» **MATERIAL PROVIDED**:
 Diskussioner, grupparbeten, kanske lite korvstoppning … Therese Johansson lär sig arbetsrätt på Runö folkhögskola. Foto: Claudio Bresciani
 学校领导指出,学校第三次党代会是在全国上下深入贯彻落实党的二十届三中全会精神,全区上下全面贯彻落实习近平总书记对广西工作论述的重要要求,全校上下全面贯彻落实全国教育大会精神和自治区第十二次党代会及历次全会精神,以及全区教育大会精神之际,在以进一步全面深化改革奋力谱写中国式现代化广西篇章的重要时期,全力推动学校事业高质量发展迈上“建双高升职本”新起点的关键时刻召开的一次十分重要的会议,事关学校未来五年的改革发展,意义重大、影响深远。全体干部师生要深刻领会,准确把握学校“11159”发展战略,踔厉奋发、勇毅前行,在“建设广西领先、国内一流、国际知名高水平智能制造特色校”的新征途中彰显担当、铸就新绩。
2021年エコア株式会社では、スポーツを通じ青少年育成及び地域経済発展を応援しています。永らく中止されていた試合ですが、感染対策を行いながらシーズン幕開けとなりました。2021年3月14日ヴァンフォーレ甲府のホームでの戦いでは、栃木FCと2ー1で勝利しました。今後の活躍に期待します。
==
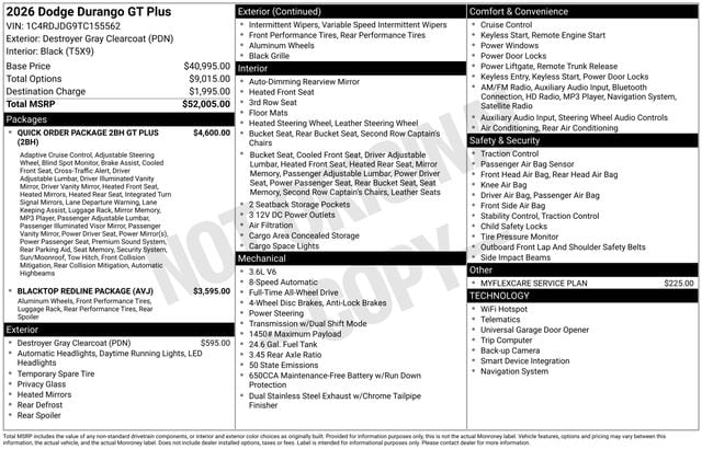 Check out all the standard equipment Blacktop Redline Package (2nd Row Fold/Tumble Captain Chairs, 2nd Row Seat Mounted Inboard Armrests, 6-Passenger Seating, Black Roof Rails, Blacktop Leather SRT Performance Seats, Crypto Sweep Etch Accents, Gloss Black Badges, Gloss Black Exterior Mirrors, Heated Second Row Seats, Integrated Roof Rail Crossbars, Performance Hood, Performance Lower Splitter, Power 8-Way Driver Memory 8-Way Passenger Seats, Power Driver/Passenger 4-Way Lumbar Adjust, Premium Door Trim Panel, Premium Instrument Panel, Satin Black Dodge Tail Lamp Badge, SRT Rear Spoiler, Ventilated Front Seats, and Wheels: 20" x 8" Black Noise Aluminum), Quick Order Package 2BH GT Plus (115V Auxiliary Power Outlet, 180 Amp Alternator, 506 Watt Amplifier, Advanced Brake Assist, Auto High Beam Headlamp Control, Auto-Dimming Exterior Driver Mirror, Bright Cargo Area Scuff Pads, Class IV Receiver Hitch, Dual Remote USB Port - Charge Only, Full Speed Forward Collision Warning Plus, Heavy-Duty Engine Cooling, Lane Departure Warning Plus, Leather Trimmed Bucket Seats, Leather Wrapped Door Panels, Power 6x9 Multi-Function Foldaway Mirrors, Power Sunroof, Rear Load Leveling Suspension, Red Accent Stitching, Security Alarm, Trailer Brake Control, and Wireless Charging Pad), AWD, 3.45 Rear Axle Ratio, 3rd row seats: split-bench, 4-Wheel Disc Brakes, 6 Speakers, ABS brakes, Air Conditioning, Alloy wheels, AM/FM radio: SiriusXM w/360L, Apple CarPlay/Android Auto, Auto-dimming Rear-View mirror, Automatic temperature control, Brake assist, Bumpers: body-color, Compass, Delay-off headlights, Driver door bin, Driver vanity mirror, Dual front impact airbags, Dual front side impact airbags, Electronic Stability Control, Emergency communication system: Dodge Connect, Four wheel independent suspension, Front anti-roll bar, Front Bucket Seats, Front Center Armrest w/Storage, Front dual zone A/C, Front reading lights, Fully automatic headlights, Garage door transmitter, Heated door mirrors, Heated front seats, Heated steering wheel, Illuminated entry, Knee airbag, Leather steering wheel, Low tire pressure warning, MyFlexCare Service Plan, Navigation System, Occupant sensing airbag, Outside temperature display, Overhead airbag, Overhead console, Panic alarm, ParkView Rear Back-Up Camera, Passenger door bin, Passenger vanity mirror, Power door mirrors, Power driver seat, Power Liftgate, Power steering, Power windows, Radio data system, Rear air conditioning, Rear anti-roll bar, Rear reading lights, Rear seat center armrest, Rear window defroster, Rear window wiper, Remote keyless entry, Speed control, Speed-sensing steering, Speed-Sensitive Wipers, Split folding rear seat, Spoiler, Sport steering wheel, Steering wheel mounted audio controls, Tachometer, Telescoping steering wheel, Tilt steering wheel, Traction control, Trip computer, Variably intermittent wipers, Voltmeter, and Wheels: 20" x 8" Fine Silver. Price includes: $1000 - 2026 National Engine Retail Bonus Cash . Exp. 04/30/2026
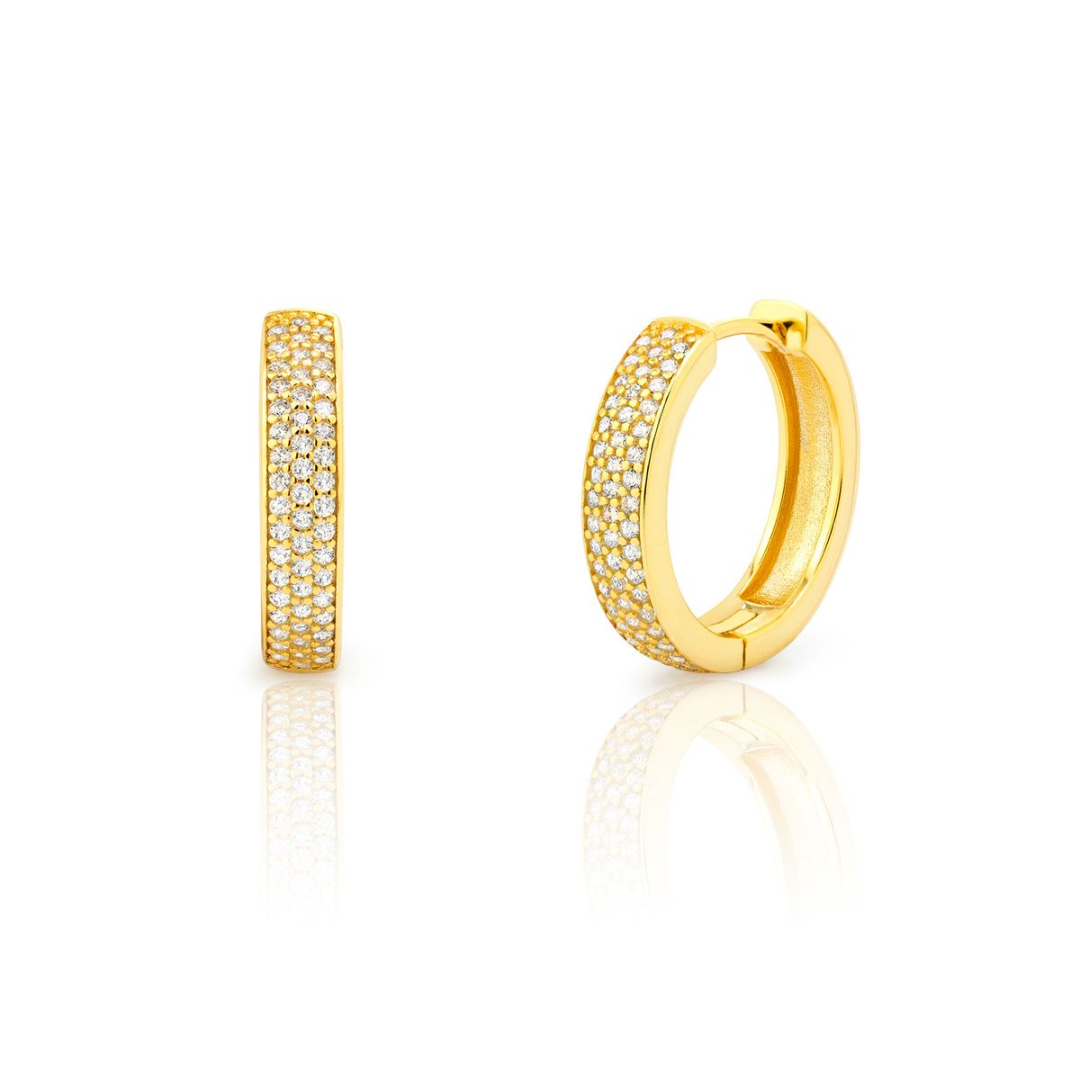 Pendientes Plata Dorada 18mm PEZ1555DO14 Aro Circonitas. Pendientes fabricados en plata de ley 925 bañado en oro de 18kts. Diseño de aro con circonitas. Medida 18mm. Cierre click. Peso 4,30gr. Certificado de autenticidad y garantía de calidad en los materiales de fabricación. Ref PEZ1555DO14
==
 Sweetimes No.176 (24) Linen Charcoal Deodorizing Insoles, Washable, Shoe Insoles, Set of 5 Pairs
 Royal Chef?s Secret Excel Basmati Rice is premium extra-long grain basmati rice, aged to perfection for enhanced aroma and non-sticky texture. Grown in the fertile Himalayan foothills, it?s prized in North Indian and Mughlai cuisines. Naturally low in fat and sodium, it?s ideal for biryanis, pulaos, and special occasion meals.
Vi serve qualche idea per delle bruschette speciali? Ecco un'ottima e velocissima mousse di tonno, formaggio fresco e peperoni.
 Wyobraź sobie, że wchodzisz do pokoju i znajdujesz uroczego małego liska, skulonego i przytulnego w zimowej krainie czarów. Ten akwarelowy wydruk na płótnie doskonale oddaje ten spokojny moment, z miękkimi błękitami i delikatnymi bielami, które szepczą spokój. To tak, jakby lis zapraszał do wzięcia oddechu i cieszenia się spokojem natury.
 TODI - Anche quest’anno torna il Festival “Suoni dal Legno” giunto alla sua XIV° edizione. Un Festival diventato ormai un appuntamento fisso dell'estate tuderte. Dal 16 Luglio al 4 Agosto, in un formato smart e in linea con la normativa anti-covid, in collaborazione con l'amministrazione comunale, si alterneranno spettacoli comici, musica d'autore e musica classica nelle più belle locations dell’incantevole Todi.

» **EXERCISE REQUIREMENTS**: Using the data above, reproduce exactly the lines from the line that contains "学校领导指出,学校第三次党代" through the line that contains "2021年エコア株式会社では", including both.

» **ANSWER**:
 学校领导指出,学校第三次党代会是在全国上下深入贯彻落实党的二十届三中全会精神,全区上下全面贯彻落实习近平总书记对广西工作论述的重要要求,全校上下全面贯彻落实全国教育大会精神和自治区第十二次党代会及历次全会精神,以及全区教育大会精神之际,在以进一步全面深化改革奋力谱写中国式现代化广西篇章的重要时期,全力推动学校事业高质量发展迈上“建双高升职本”新起点的关键时刻召开的一次十分重要的会议,事关学校未来五年的改革发展,意义重大、影响深远。全体干部师生要深刻领会,准确把握学校“11159”发展战略,踔厉奋发、勇毅前行,在“建设广西领先、国内一流、国际知名高水平智能制造特色校”的新征途中彰显担当、铸就新绩。
2021年エコア株式会社では、スポーツを通じ青少年育成及び地域経済発展を応援しています。永らく中止されていた試合ですが、感染対策を行いながらシーズン幕開けとなりました。2021年3月14日ヴァンフォーレ甲府のホームでの戦いでは、栃木FCと2ー1で勝利しました。今後の活躍に期待します。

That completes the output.